Without any pictures, print the lines below from the one that has "北京时间8月30日11时起,为纪念举办魔" through the one that has "These fire blanket", exactly and nothing else.

(Stored records)
· · ·

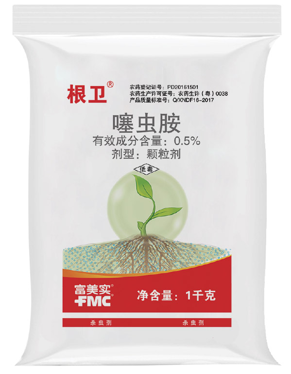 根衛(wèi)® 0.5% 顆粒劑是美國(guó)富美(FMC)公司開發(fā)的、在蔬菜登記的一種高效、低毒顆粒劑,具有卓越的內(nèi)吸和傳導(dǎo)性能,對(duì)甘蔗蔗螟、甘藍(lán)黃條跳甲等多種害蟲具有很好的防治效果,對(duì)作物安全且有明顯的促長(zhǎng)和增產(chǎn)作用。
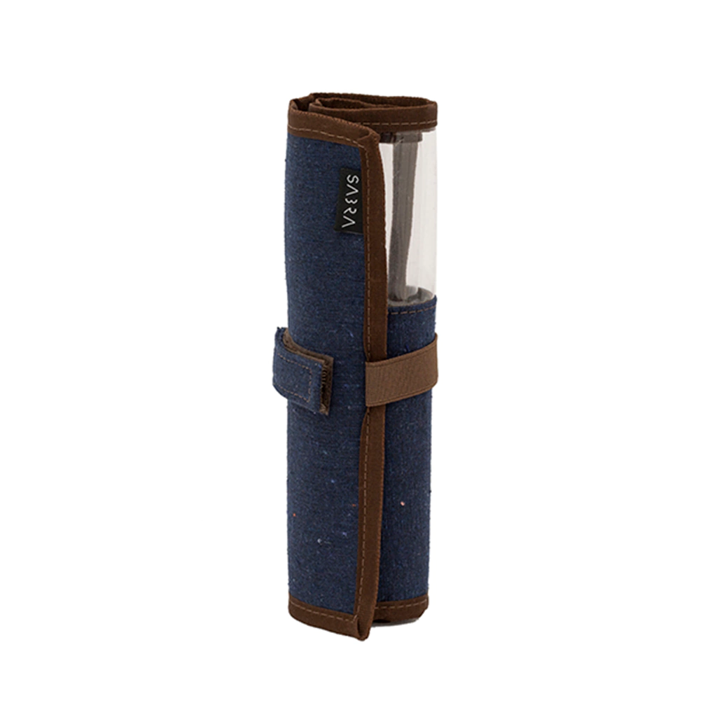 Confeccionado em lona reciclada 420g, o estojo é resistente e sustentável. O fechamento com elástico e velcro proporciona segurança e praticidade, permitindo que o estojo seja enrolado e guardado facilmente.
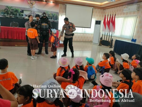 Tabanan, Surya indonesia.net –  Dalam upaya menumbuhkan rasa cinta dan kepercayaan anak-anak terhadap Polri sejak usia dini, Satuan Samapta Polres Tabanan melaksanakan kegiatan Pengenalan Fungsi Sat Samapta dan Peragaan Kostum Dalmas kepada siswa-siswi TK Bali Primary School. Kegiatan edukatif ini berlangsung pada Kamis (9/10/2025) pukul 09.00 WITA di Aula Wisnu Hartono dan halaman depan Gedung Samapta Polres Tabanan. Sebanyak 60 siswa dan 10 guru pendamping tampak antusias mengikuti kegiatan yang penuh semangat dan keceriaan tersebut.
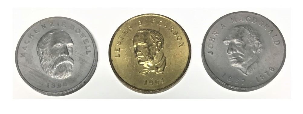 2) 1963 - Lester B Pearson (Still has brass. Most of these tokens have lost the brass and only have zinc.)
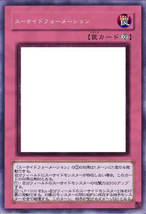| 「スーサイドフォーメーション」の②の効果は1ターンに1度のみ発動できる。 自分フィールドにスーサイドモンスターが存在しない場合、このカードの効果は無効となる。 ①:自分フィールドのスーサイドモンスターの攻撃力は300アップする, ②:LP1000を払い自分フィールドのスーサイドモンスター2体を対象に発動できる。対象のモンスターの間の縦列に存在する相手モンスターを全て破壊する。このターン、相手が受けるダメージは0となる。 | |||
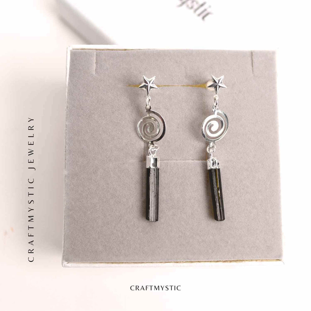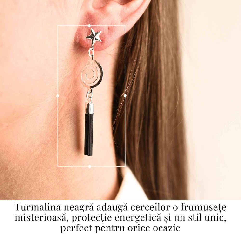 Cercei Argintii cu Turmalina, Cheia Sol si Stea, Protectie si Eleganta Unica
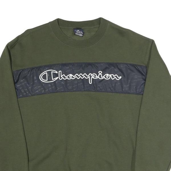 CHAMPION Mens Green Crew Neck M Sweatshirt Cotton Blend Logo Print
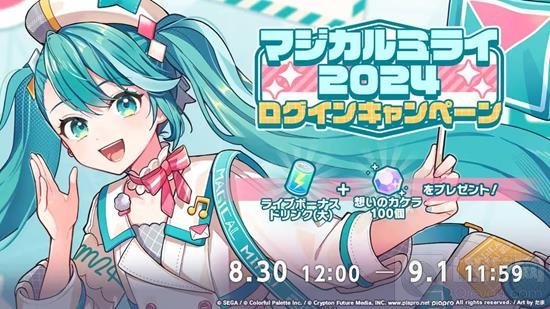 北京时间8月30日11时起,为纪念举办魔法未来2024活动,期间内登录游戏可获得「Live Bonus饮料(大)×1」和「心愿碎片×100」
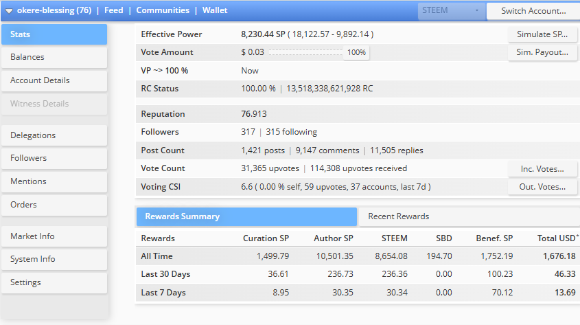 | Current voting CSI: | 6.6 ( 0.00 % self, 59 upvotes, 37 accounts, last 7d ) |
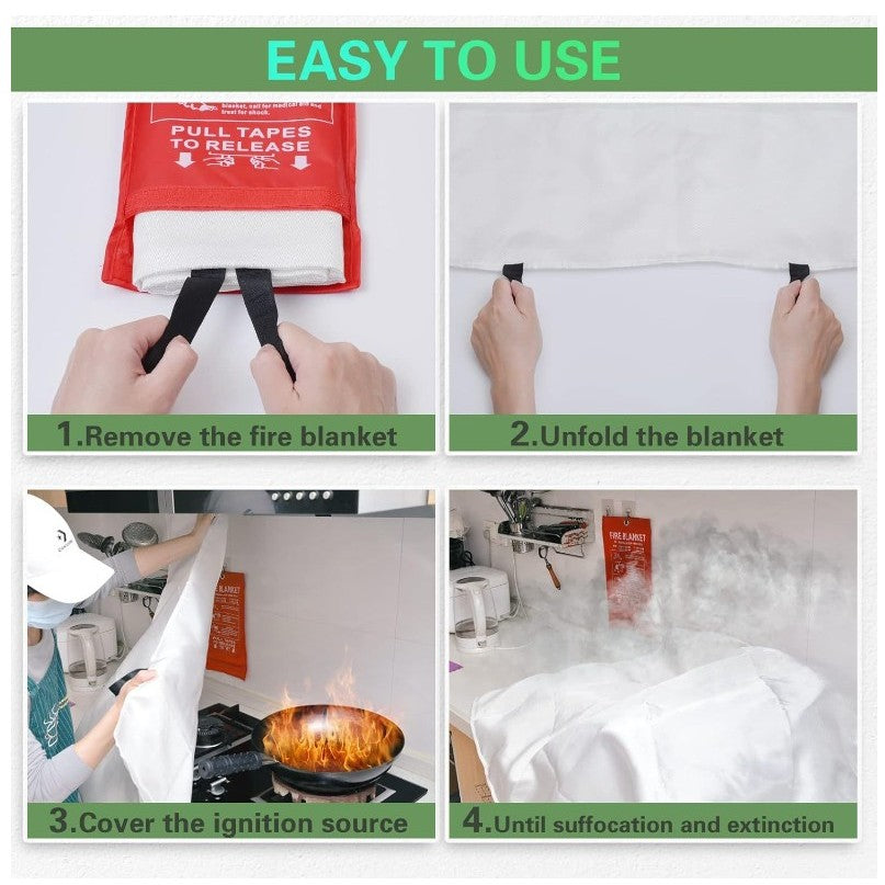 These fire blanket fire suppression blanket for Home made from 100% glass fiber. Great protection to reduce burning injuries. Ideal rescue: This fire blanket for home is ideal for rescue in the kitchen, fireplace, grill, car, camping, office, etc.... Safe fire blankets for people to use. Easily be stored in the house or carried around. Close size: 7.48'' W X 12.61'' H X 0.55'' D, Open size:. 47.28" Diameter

· · ·

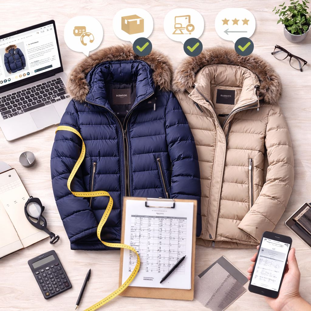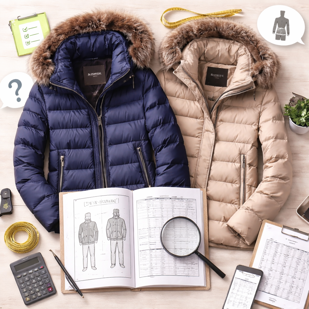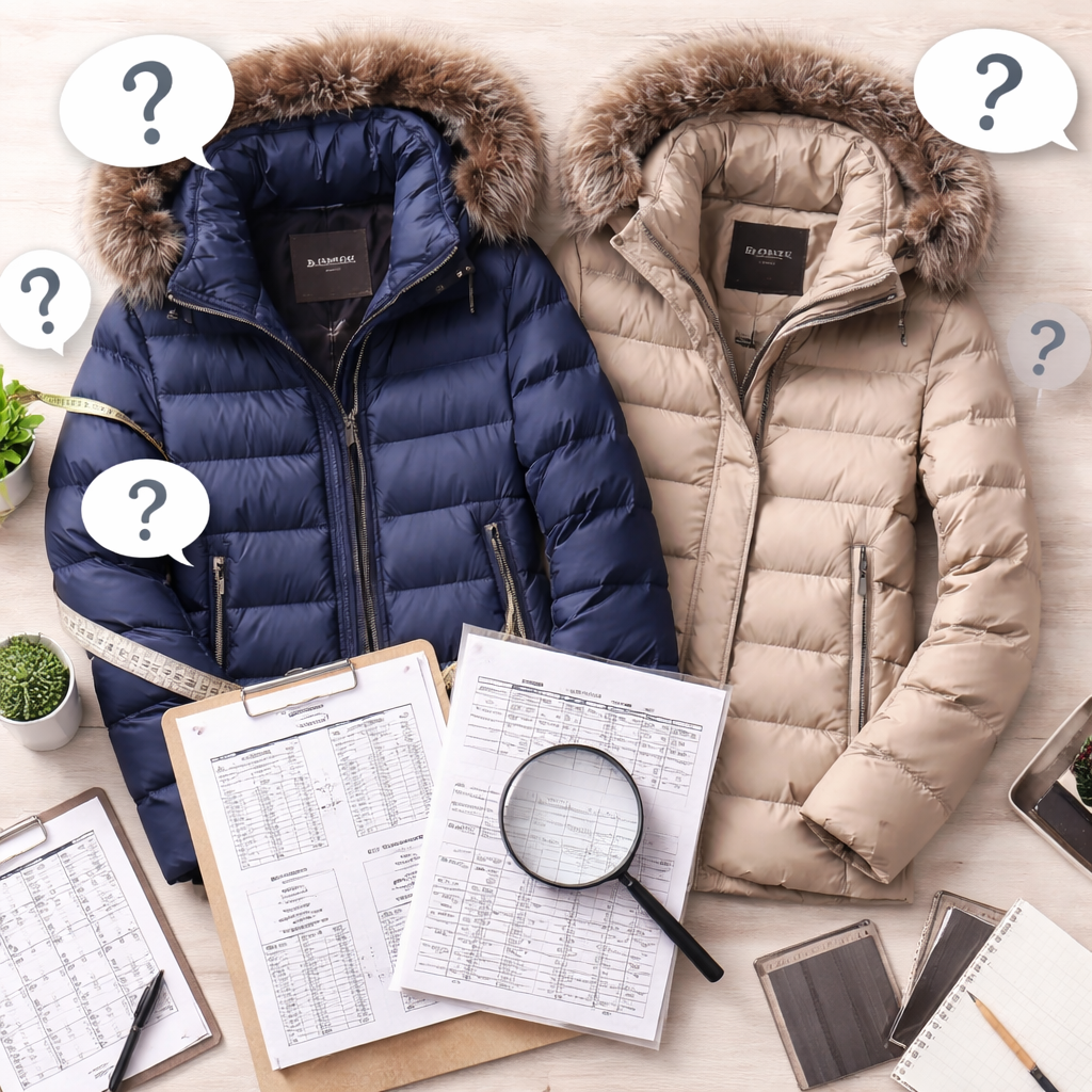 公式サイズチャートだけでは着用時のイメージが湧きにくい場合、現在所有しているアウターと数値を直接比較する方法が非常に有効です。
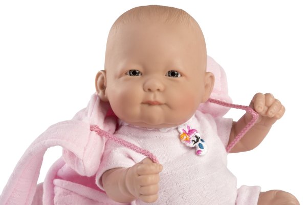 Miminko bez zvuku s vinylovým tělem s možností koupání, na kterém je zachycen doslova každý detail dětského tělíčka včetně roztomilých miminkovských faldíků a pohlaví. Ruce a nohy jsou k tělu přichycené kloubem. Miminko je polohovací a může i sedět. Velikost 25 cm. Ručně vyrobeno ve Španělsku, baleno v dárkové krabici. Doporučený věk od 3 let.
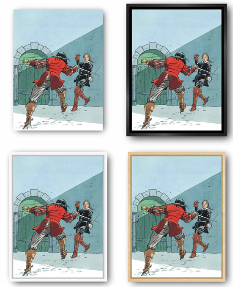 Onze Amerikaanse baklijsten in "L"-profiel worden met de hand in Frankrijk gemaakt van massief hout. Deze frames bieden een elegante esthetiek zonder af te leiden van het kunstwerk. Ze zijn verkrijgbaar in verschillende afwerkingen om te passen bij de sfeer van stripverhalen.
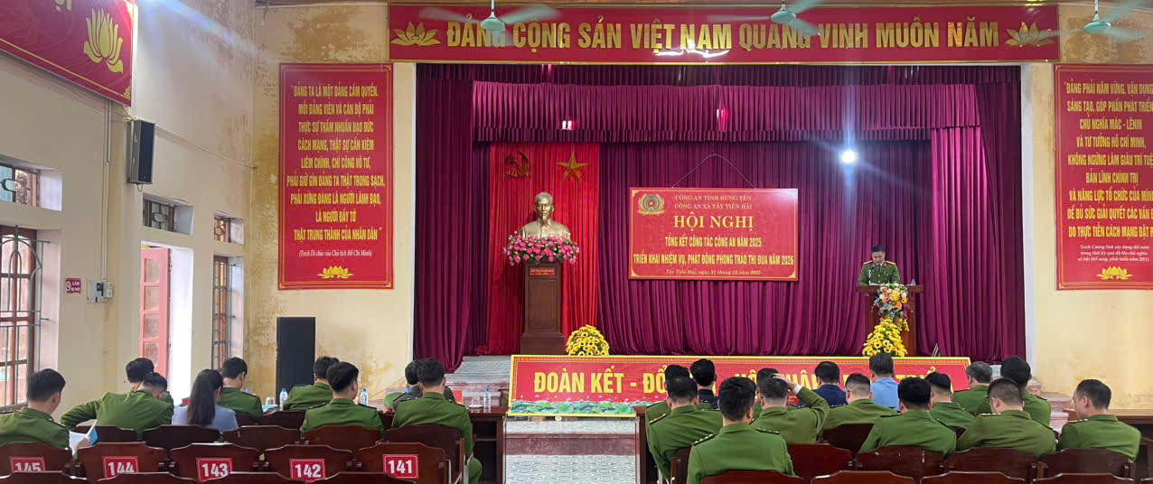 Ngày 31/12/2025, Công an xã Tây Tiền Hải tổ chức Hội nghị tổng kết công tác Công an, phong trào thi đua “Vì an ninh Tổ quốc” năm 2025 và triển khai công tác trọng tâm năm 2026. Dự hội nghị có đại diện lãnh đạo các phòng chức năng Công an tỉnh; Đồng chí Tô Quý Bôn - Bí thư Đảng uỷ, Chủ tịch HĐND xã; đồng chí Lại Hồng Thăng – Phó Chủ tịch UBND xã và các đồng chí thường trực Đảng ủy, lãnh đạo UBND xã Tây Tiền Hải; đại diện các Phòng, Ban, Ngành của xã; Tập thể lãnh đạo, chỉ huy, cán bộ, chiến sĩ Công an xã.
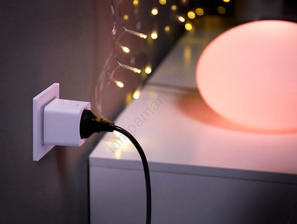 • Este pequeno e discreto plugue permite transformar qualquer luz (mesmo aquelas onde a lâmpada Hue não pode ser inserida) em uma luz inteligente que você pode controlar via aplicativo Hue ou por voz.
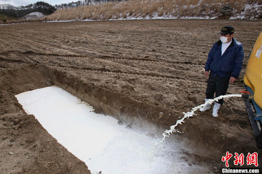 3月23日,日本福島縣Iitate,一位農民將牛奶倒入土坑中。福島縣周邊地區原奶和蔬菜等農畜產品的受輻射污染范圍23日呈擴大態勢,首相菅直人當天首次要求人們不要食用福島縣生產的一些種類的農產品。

· · ·

Solution.
 北京时间8月30日11时起,为纪念举办魔法未来2024活动,期间内登录游戏可获得「Live Bonus饮料(大)×1」和「心愿碎片×100」
 | Current voting CSI: | 6.6 ( 0.00 % self, 59 upvotes, 37 accounts, last 7d ) |
 These fire blanket fire suppression blanket for Home made from 100% glass fiber. Great protection to reduce burning injuries. Ideal rescue: This fire blanket for home is ideal for rescue in the kitchen, fireplace, grill, car, camping, office, etc.... Safe fire blankets for people to use. Easily be stored in the house or carried around. Close size: 7.48'' W X 12.61'' H X 0.55'' D, Open size:. 47.28" Diameter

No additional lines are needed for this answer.